Prices in Australia’s largest and most expensive housing market fell 0.9% in December, leaving the decline over the past three months at 2.1%.
From the recent cyclical peak struck in August, prices in Sydney have now fallen by 2.2%, driven lower by weakness in houses rather than units.
As a result of the recent declines, annual price growth has now slowed to 3.1%, well below the 17.1% pace seen just seven months ago.

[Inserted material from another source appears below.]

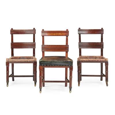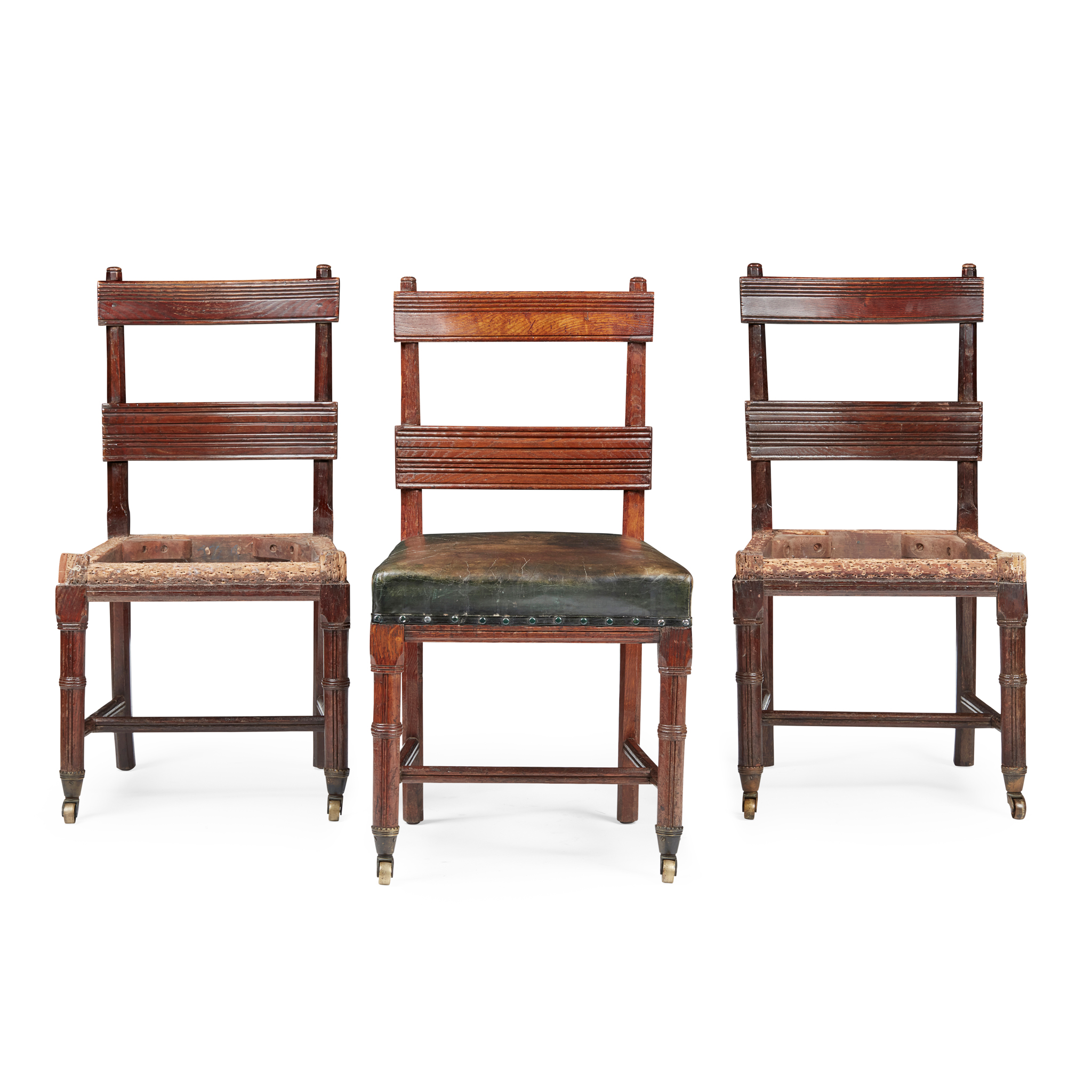 oak, one with original close-nailed leather upholstered seat, branded marks to two of the three chairs (3)
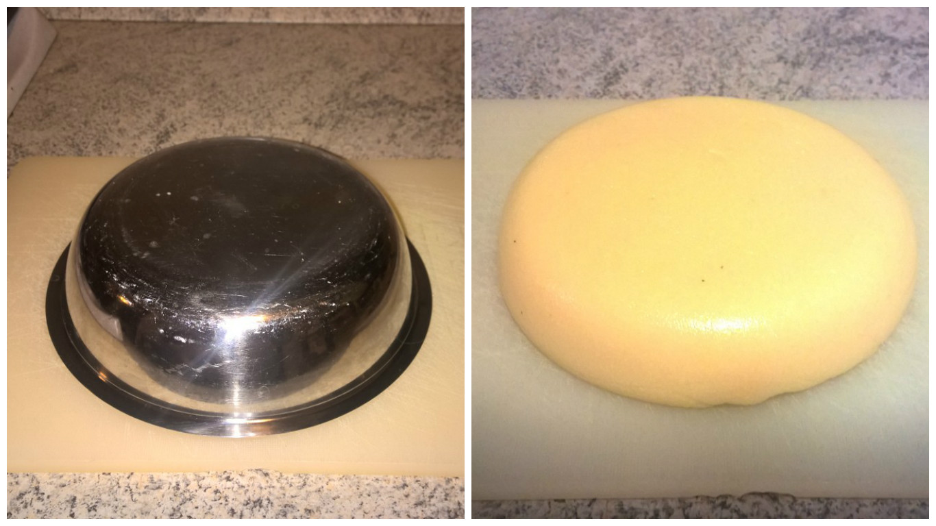 - Appena pronta la polenta svuotate la ciotola dall’acqua (non asciugatela) e vuotateci la polenta pronta.

And, as seen in the chart below from AMP Capital, there’s now a very real possibility that annual price growth in Sydney may turn negative in the months ahead.
Source: AMP Capital
“Weak auction clearance rates point to more price falls ahead as the impact of APRA’s tightening in lending standards, deflated expectations for price gains and rising supply continue to impact,” says Shane Oliver, head of investment strategy and chief economist at AMP Capital.
And with prices in Melbourne also starting to fall, coinciding with declining auction clearance rates like those seen in Sydney, Oliver says the weakness in December will likely extend in the year ahead.
“The Melbourne property market appears to be following Sydney down although stronger population growth is providing some support,” he says. “Prices in Sydney and Melbourne are expected to fall by around 5% or so this year.”
While that would be in stark contrast to the performance seen in recent years, Oliver says low interest rates and support for first home buyers will provide “some support and should help ensure only moderate price falls”.
“A property crash is unlikely in the absence of much higher interest rates or unemployment — both of which are unlikely,” he says. Outside of Australia’s largest cities, Oliver says that prices in Perth and Darwin are likely close to bottoming while those in Hobart are “likely to remain strong”.
For Brisbane, Adelaide and Canberra, Oliver is forecasting moderate price gains this year.